It meant he only finished 16th and, being outside the top 10, didn’t get the fastest lap bonus point for himself. But it prevented Gasly and Alpine from taking it.
“He did a great job to achieve the fastest lap, and then we removed that point from Alpine, who are at the moment our competitors,” said Pujolar.
It’s not quite nefarious dark arts territory, and really it’s something any team in the pitlane would probably do. But Alfa Romeo’s openness about it – and how effective it’s been at doing this sort of thing lately – stands out. It’s not pretty. But it’s quite admirable. And necessary in a midfield this tight.

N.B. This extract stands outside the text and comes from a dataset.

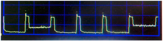 Internal calibration is performed by receiving calibration signals from internal noise sources. In the first sub-period of modulation, signals are received from the receiving channels of the antenna applicators, in the second sub-period from the first channel, in the third sub-period from the second channel, in the fourth sub-period from the third channel, in the fifth sub-period from the fourth channel, and in the sixth sub-period from the fifth channel. In the second sub-period, a signal from the antenna applicator of the first channel is applied to the output of the receiving channel switch for 80% of its duration. The signal from the output of the receiving channel switch is fed through the circulator to the receiver input for amplification and final processing. After the period receiving the signal from the antenna-applicator of the first channel expires, for the remaining part of 20% of the duration of the sub-period, the control code of the switching signal generator is applied to the control input of the switching signal switch to the input of the circulator, after passing in the direction of circulation, it enters the input of the receiving channel switch. The receiving channel switch has been open since thus period, the input of the first receiving channel is connected to the output of the receiving channel switch, and the noise generator signal is not reflected from the switch input, but passes through it and reaches the point of contact of the applicator antenna with the human body. If the antenna-applicator is perfectly aligned with the human body, then the entire electromagnetic wave of the noise generator will be radiated by the antenna-applicator and absorbed into the body. In this case, there will be no reflection from the antenna-applicator–body section and the same power will be recorded at the receiver output as in the first part of the second sub-period. If the antenna applicator is not aligned with the body, the electromagnetic wave generator noise impact from the section of the antenna applicator–the body and the reflected wave with the wave from the human body through the switch receiving channels and the circulator will be passed to the input of a low noise amplifier. Only part of the electromagnetic wave of the noise generator will be reflected from the antenna-applicator–body boundary if antenna is partly matching. It is possible to calculate the reflection coefficient from the antenna-applicator–body boundary by measuring the magnitude of the reflected wave. According to the fundamental principle of reciprocity, the reflection coefficients from the side of the human body and from the side of the antenna-applicator are equal. Therefore, defining the reflection coefficient body antenna applicator can be taken into account which part of the electromagnetic wave radiated by the body is reflected off of the body section–antenna applicator, which according to the experimental data permits us to determine the brightness temperature of the body tissues with one tenth of a degree accuracy when the reflection coefficient does not exceed 30%. For all other receiving channels, from the second to the fifth, the modulation control is similar. Also, the control and signal processing are similar for both frequency bands. The waveform of the analog signal from the output of the power detector is shown in Figure 4. The photo of a multichannel two-frequency radiothermograph located on the experimental stand is shown in Figure 5. The analog signal after the power detector stage is converted to digital form and processed according to the well-known algorithm [12] to calculate the radio brightness body temperatures for each channel and for each frequency range.

Alfa Romeo’s four points for Bottas’s eighth means it left Sakhir fifth in the constructors’ standings.
That was a hard-earned result, Bottas converting 12th on the grid via a punchy first lap (not always his strength) and early pitstops and resulting undercuts that got him among the Aston Martins and Mercedes, even leapfrogging eventual podium finisher Fernando Alonso during the first pit sequence.
Bottas didn’t have the pace to stay there, and it feels like Alfa Romeo’s old rival Aston Martin is going to be out of its league this year. But fifth-best behind the old big three and their new opponent would be an excellent season-long achievement for Alfa Romeo.
“I don’t think there was much more to get today, all the cars that were ahead of us were clearly faster,” said a pretty satisfied Bottas.
After last year, the question Alfa Romeo has to answer is whether it can move forward through a season rather than slipping backwards.
Pujolar’s sure it can.
“Already the car from testing has been very good,” he said.
“We’ve got a very good baseline and we’ve got some development in the pipeline at the factory.
“We want to keep up fighting with the top of the midfield, that’s our target. We think we should be able to do that.”
And we can be sure it won’t let any chance to tilt that fight in its favour slip, either.